Friday, December 07, 2007


You know...

It wouldn't hurt me to use this site more often.

Just thinking out loud.

Thursday, October 05, 2006

Iranian Religious Leader Talk Dirty

World leaders the world over have been encouraged by the straight talk (no pun intended) of former congressman Mark Foley. Today, Iranian Supreme Leader Sayyid Ali Khameini, spoke on the internet about masturbation and its appropriateness during the Holy Month Of Ramadan - a time of peace. Ramadan is a time where peaceful peace-loving Muslims gather peacefully to pray and honor their God. It ends each day with a family dinner and, on occassion, rioting.

Said Khameini, "If he do not intend masturbation and discharging semen and
nothing is discharged, his fasting is correct even though he has done a harām
(forbidden) act. But, if he intends masturbation or he knows that he usually
discharges semen by this process and semen really comes out, it is a haram
intentional breaking fasting."

Khameini is a religious figure who ia an auhority on such subjects as religious beliefs and masturbation. His followers affectionately refer to him as "the Spunk Monk."

Monday, October 02, 2006

GOP Public Statement: We never met the guy...

Today, GOP Senators and members of the house held a joint press conference stating: "We don't know anybody."

Due to recent scandals, most recently the one where GOP Rep Mark Foley was caught sending illicit emails to underage interns, many GOPers have established a policy of creating distance from each other.

At the press conference Senator John McCain said, "I've never met any of these people in my life and refuse to somehow be linked to any of them or their scandals. Heck, some of my best friends are Democrats so I really d0n't know what you're talking about. "

Bill Frist who declined to be photographed with any one else at the afternoon meeting had this statement: "If elected to office, we promise to work with the other side of the aisle as long as no other Republicans are sitting there either. If so, we have no knowledge of any of their actions and refuse to be associated with them."

A Republican member of the House of Representatives was also on hand at the press conference but wore a fake nose and glasses.

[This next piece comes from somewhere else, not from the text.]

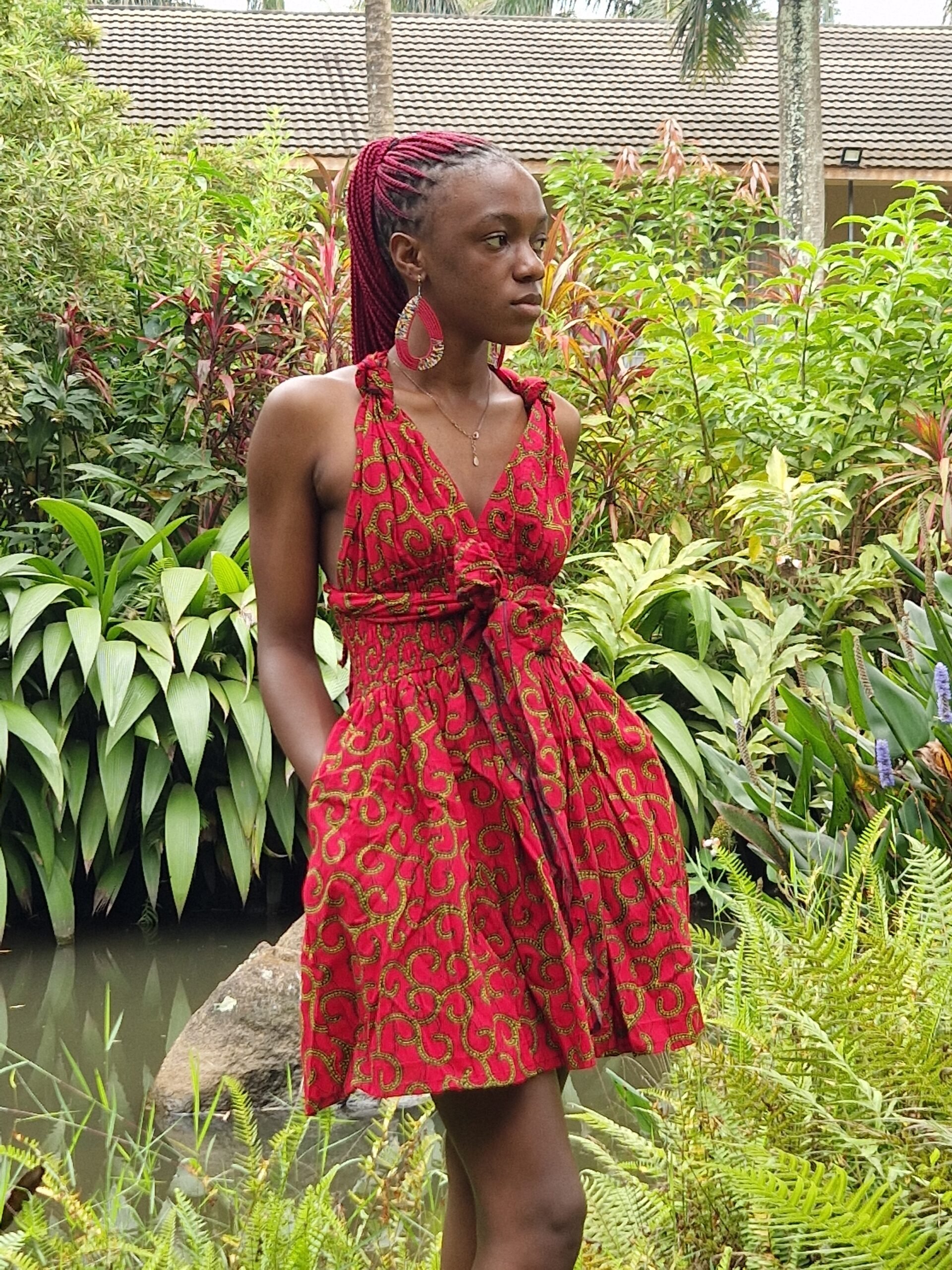 Make a statement with our Red Ankara Party Dress! Crafted with vibrant Ankara fabric, this dress exudes elegance and African flair, perfect for any special occasion.
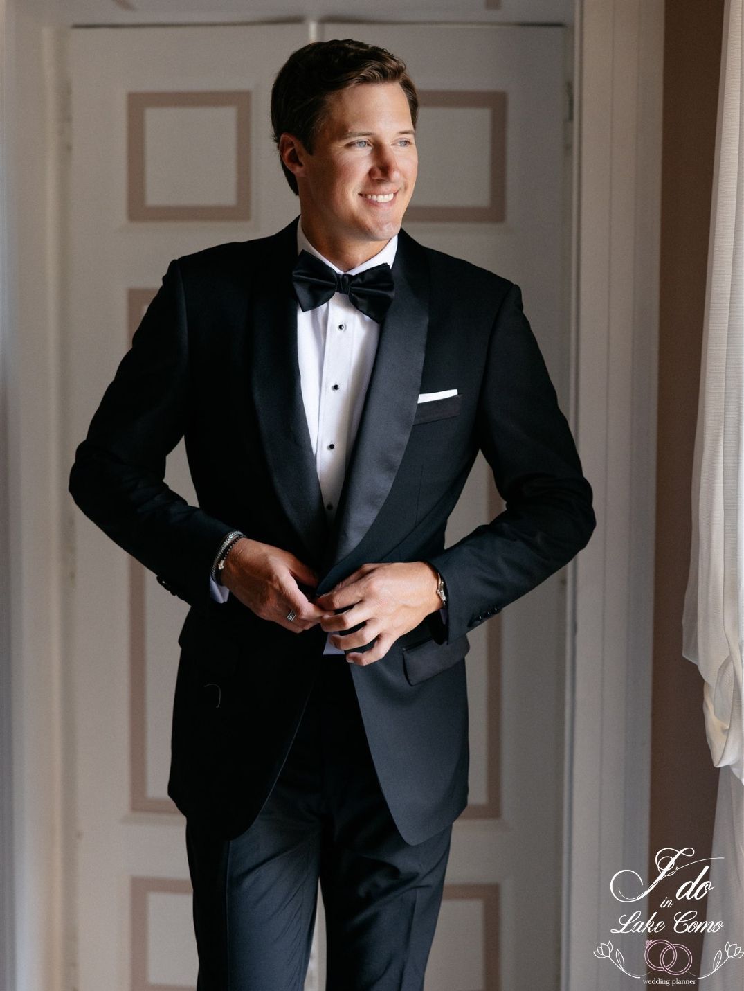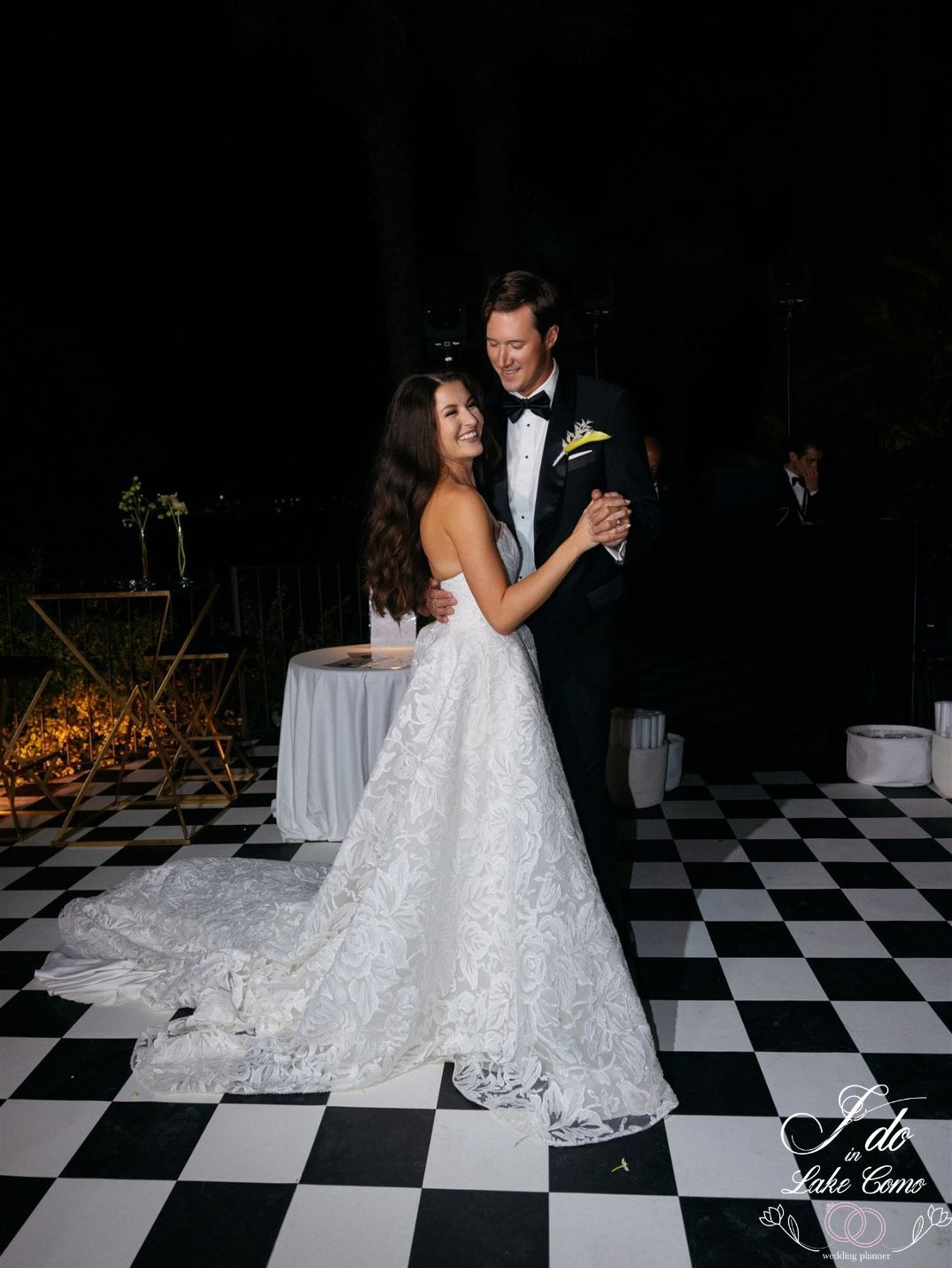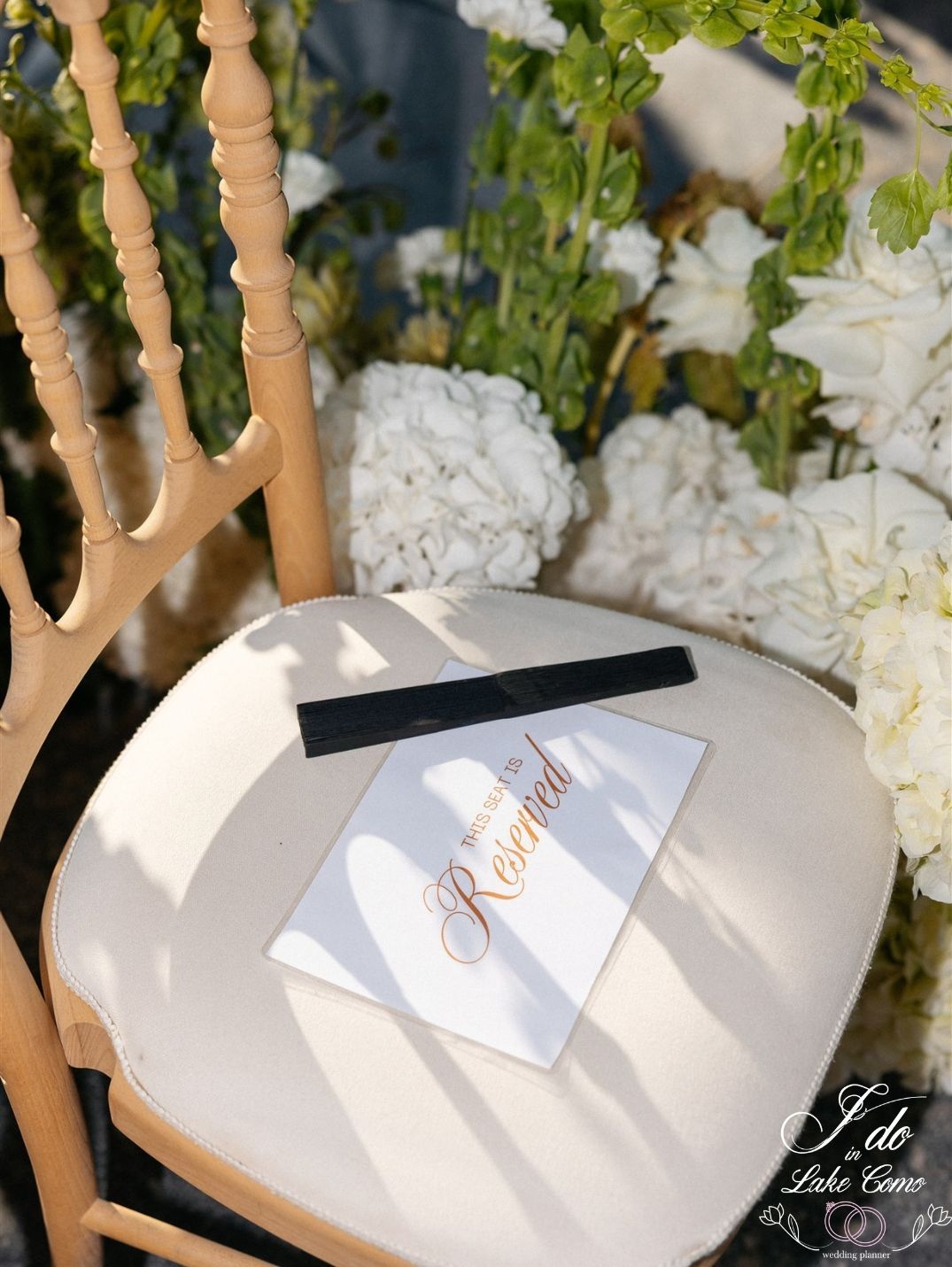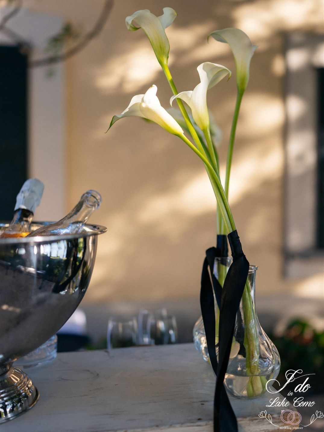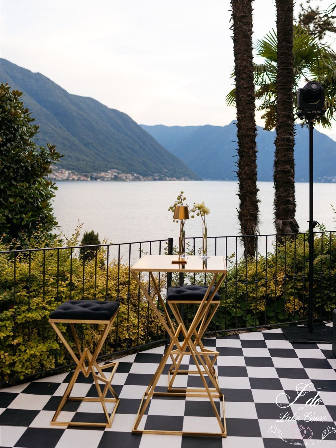 Guests were dressed in an elegant black dress code, which perfectly complemented the historical charm of the villa. After the ceremony, Madison & Michael took a romantic boat ride across the lake, capturing beautiful memories with unforgettable photos, while guests enjoyed an aperitivo accompanied by a graceful string duo.

NMBLA Declares Support for GOP Rep Mark Foley

The National Man Boy Love Association today issued a statement declaring their support for embattled GOP Representative Mark Foley of Florida.

Said NMBLA spokesman Kuhmir Littleboy, “Although usually we try to cast our support in favor of Democrats and homosexuals, we felt the cause was worthy and we should come out in favor of flirting with sixteen year old boys.”

The ACLU has been silent on the issue of dirty emails, mostly because Rep Foley is neither Black nor Muslim. However, NMBLA has been quite vocal on their opinion.

“We have always supported the notion of grown men sleeping with children. Normally we proclaim this message at local Gay Pride Parades, but we feel it’s never a wrong time to speak up, just as there’s never a wrong time to hump young boys.”

GOP Rep Foley, who tendered his resignation, had the following statement: “I have no comment on this statement of support from NMBLA. By the way – what were they wearing?”

Thursday, September 28, 2006

Biologists Confirm: New Border Fence Will Also Protect Us From Jaguars

(*** Based on information from Michelle Malkin's Blog *****)

Although some environmental groups are protesting the building of the new fence along the United States and Mexican border, they were indeed able to confirm that it would probably protect Americans from jaguars.

Said Matt Skroch, a wildlife biologist and executive director of the
environmental non-profit group Sky Island Alliance in Tucson, Arizona.

"If they build it, we could really say goodbye to the future of jaguars in the United States," he added.

There has been some dispute among House Democrats if the War On Illegal Immigration has made or less or more safe from jaguars attacking our country.

Other biologists are concerned about some of the birds and how they would be affected by the 700 mile border fence. One environmentalist, who refused to be named, shared the following thought: "This (fence) could affect these poor birds very deeply and keep them out of our country. What are they supposed to do - fly?

RWD News will have updates as they become available.

Yet Another Claims To Have Fathered Anna Nicole's Child

The Hollywoood rumormill kicked into full gear recently when reports surfaced of yet one more man claiming to be the father of Anna Nicole Smith's child.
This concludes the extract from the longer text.